7.2.1 Data Truncation

Data coming out of Google Earth Engine carry nearly unending significant digits due to the data aggregation that occurs in that step. Prior to exporting any final lakeSR or siteSR files, we also truncate optical data to 3 significant digits and thermal data to 2 significant digits.

7.2.2 Landsat 4 QA Summary

Summary of rows retained during lakeSR Landsat 4’s quality filtering for DSWE1 (confident water) remote sensing summaries. Prior to post-hoc QA, there were 827,630 records, after post-hoc QA there were 384,324 records.

Summary of rows retained during siteSR Landsat 4’s quality filtering for DSWE1 (confident water) remote sensing summaries. Prior to post-hoc QA, there were 496,827 records, after post-hoc QA there were 356,824 records.

7.2.3 Landsat 5 QA Summary

Summary of rows retained during lakeSR Landsat 5’s quality filtering for DSWE1 (confident water) remote sensing summaries. Prior to post-hoc QA, there were 61,286,631 records, after post-hoc QA there were 35,285,627 records.

Summary of rows retained during siteSR Landsat 5’s quality filtering for DSWE1 (confident water) remote sensing summaries. Prior to post-hoc QA, there were 89,645,418 records, after post-hoc QA there were 74,295,228 records.

7.2.4 Landsat 7 QA Summary

Summary of rows retained during lakeSR Landsat 7’s quality filtering for DSWE1 (confident water) remote sensing summaries. Prior to post-hoc QA, there were 66,838,911 records, after post-hoc QA there were 37,409,839 records.

Summary of rows retained during siteSR Landsat 7’s quality filtering for DSWE1 (confident water) remote sensing summaries. Prior to post-hoc QA, there were 73,452,572 records, after post-hoc QA there were 61,650,399 records.

7.2.5 Landsat 8 QA Summary

Summary of rows retained during lakeSR quality filtering for Landsat 8 DSWE1 (confident water) remote sensing summaries. Prior to post-hoc QA, there were 23,152,027 records, after post-hoc QA there were 10,656,479 records.

Summary of rows retained during siteSR quality filtering for Landsat 8 DSWE1 (confident water) remote sensing summaries. Prior to post-hoc QA, there were 83,945,134 records, after post-hoc QA there were 24,416,786 records.

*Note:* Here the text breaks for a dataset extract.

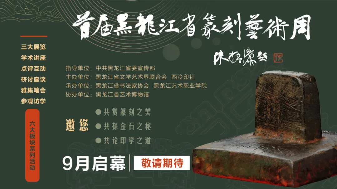 第一届当代中青年篆刻艺术双年展由黑龙江省文学艺术界联合会、西泠印社主办,是首届黑龙江省篆刻艺术周系列活动的重要组成部分。适逢举国迎庆中华人民共和国成立75周年,习近平主持召开文艺工作座谈会10周年,在学习贯彻党的二十届三中全会的热烈氛围里,黑龙江诚挚地邀请八方宾朋以印为媒,相聚在金风送爽的哈尔滨,共同领略中国篆刻艺术的独特魅力,见证并感受这项古老艺术在新时代的传承与创新中焕发出的勃勃生机。

7.2.6 Landsat 9 QA Summary

Summary of rows retained during lakeSR quality filtering for Landsat 9 DSWE1 (confident water) remote sensing summaries. Prior to post-hoc QA, there were 5,845,374 records, after post-hoc QA there were 2,733,304 records.

Summary of rows retained during siteSR quality filtering for Landsat 9 DSWE1 (confident water) remote sensing summaries. Prior to post-hoc QA, there were 9,347,528 records, after post-hoc QA there were 6,753,349 records.